The correlation between the divorce rate in Maine and the per capita consumption of margarine, though compelling, is totally spurious. This is just one of the many such correlations that Tyler Vigen explores on Spurious Correlations, and in his book of the same name.
I’ve been thinking a lot about fallacies in statistics this week, every since I read Stephen Woodcock’s article Paradoxes of Probability and Other statistical Strangeness in TheConversation. This article gives great examples and graphics to explain some of the weirdness of statistics like Simpson’s paradox and my personal favorite, the base rate fallacy.
The extent to which two variables, X and Y are related is most often measured using the Pearson correlation coefficient. Formally, this is just the covariance of X and Y divided by the product of their standard deviations. Practically, it is some number between -1 and 1, where a correlation coefficient of 1 means total correlation, 0 means no correlation, and -1 means a negative correlation.

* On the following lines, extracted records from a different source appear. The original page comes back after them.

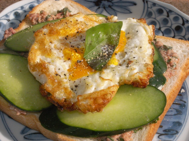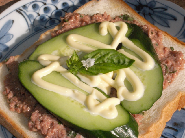 パンにのっけてきゅうりをのっけてお好みでマヨなぞ塗ったくってできあがり。
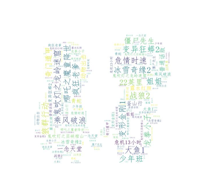 #读取爱奇艺排行.xlsx将其中的电影名写到txt文本中去 Name = pd.read_excel("爱奇艺排行.xlsx", encoding='utf-8') with open("电影名.txt",'a+', encoding='utf-8') as f: for title in Name.电影名: f.write((str(title)+'\n')) #读取电影名.txt文本 text=open('电影名.txt',encoding='utf-8').read() #词云的背景图片 photo=imread('手牵手.jpg') Cyun=WordCloud( background_color = "white", mask = photo, width=1600, repeat=True, font_path=r'simfang.ttf', height=1600).generate(text) plt.imshow(Cyun) plt.axis("off") plt.show() #保存词云图片 Cyun.to_file("爱奇艺词云.jpg")
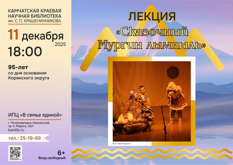 📌 Жителям Камчатки расскажут о Мургин лымӈыле Краевой фестиваль-конкурса сказок коренных малочисленных народов Севера, Сибири и Дальнего Востока «Мургин лымӈыль» проходит по 12 декабря на Камчатке, передает агентство «КАМЧАТКА-ИНФОРМ» со ссылкой на Камчатский центр народного творчества. Так, 11 декабря в 18:00 в Камчатской краевой научной библиотеке им. С.П. Крашенинникова начнется лекция «Сказочный Мургин лымныль» и кинопоказ «История фестиваля сказок «Мургин лымӈыль». Гостям представят хронику зарождения фестиваля, архивные ролики участников прошлых лет, расскажут о людях и коллективах, которые внесли вклад в развитие этого творческого пространства. 12 декабря кульминацией фестиваля станет гала-концерт в концертном зале филармонии. С 17:00 – мероприятия начнутся с работы интерактивных площадок, на которых можно будет выучить слова на языках народов Севера, попробовать говорить за героев северных сказок, нарисовать сказочных героев и выучить их названия на разных языках, поиграт
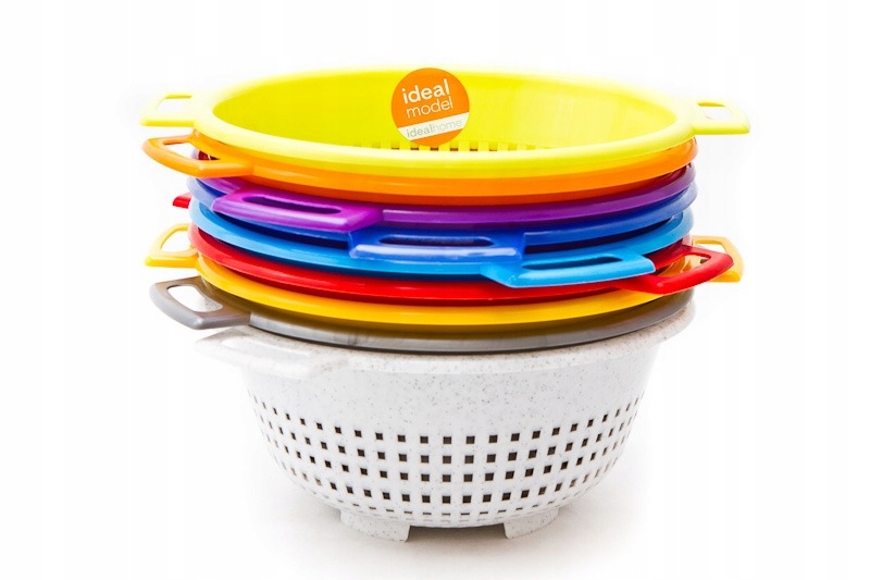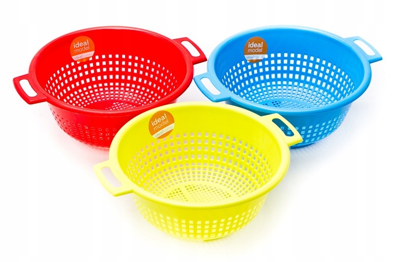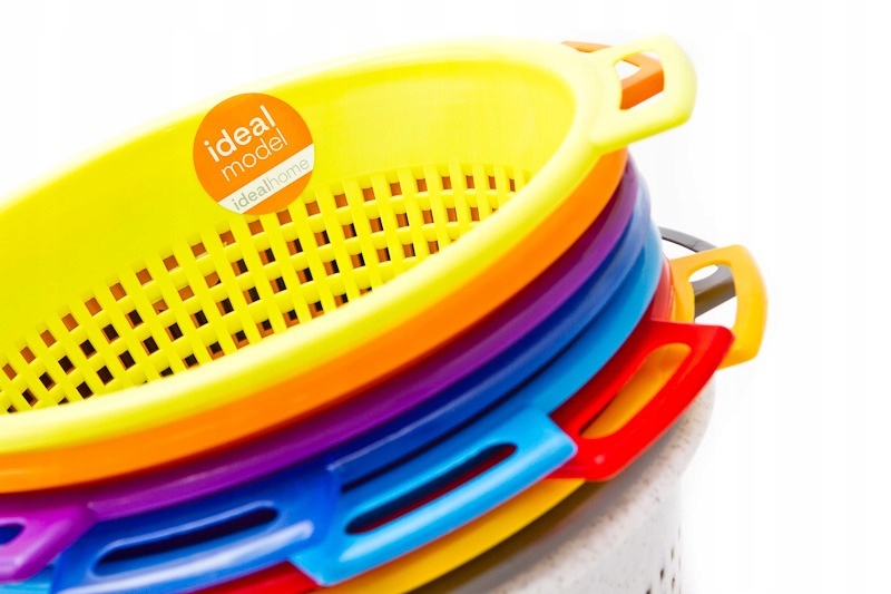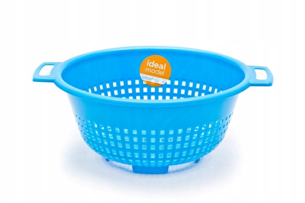 Stoječe cedilo iz plastike. Podstavek ima majhne luknjice in tri noge visoke 1 cm.
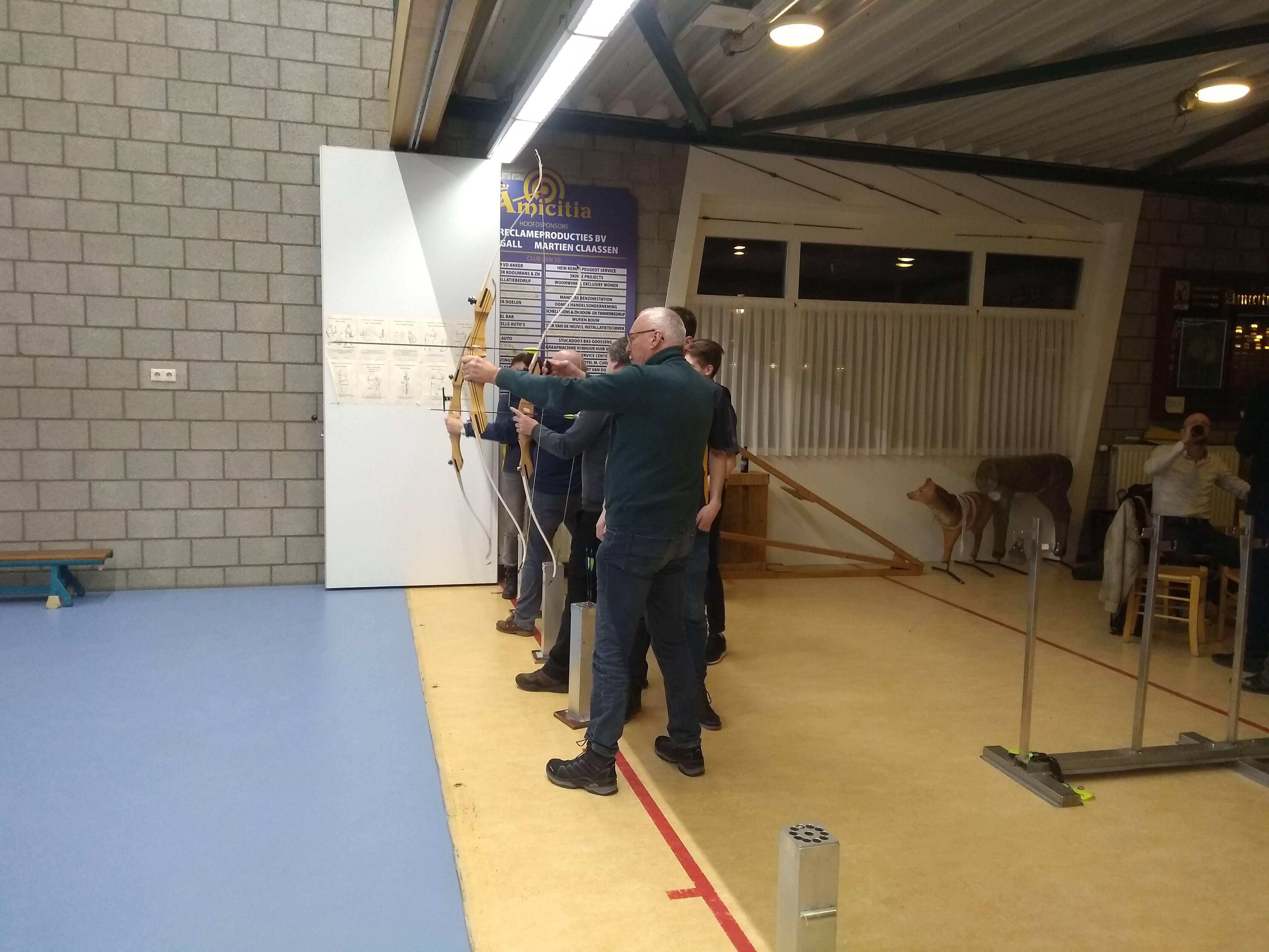 D'Amateurs is op 21 februari weer eens gaan boogschieten. Deze keer waren wij te gast bij Amacitio in Schijndel. Na een gedegen instructie kon het niet meer fout gaan. Al waren er wel bezwaren dat niet elke boog even goed gespannen stond. Na wat oefeningen brandde de strijd los. Barend en Ad schopten het tot de finale. Daarbij had Barend het geluk aan zijn zijde. Steeds was het Ad die het beste resultaat boekte. Maar Barend kwam langszij en knalde het laatste schot dichter bij de roos dan Ad had kunnen vermoeden. Barend veroverde de beker. Arina won mogelijk een nog betere prijs. Als enigste vrouwelijke schutter ging zij met een fles wijn naar huis. En die hoeft niet elke dag gepoetst te worden.
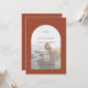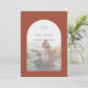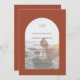 Convite moderno de casamento, com seu monograma junto com seus detalhes sobre sua dentro de foto favorita de um arco sobre fundo de ferrugem. O modelo inclui uma camada para permitir que o texto apareça sobre a sua imagem e possa ser removido na ferramenta de edição de design. Esta simples, mas elegante design com cores do deserto terrestre é excelente para um casamento no estilo boho no verão ou outono.

For example, the number of people who tripped over their own two feet and died has a correlation coefficient of 0.9 with the number of lawyers in North Carolina. Which means that they are very closely correlated, which in reality means absolutely nothing. Compare this to 0.8, the correlation coefficient for the number of people who tripped over their own two feet and died compared with Apple iPhone sales.
Recently fivethirtyeight also explored the prevalence of spurious correlations in nutritional studies in You Can’t Trust What You Read About Nutrition. Nutritional data, which is largely gathered through food diaries and eating questionnaires, leads to all sorts of crazy correlations like cabbage and innies and nuts and immortality.
If you’re teaching a course in statistics, Vigen’s website would be a really fun place to pick up data sets and cautionary examples for your students. Vigen includes links to all of the data he uses in his charts.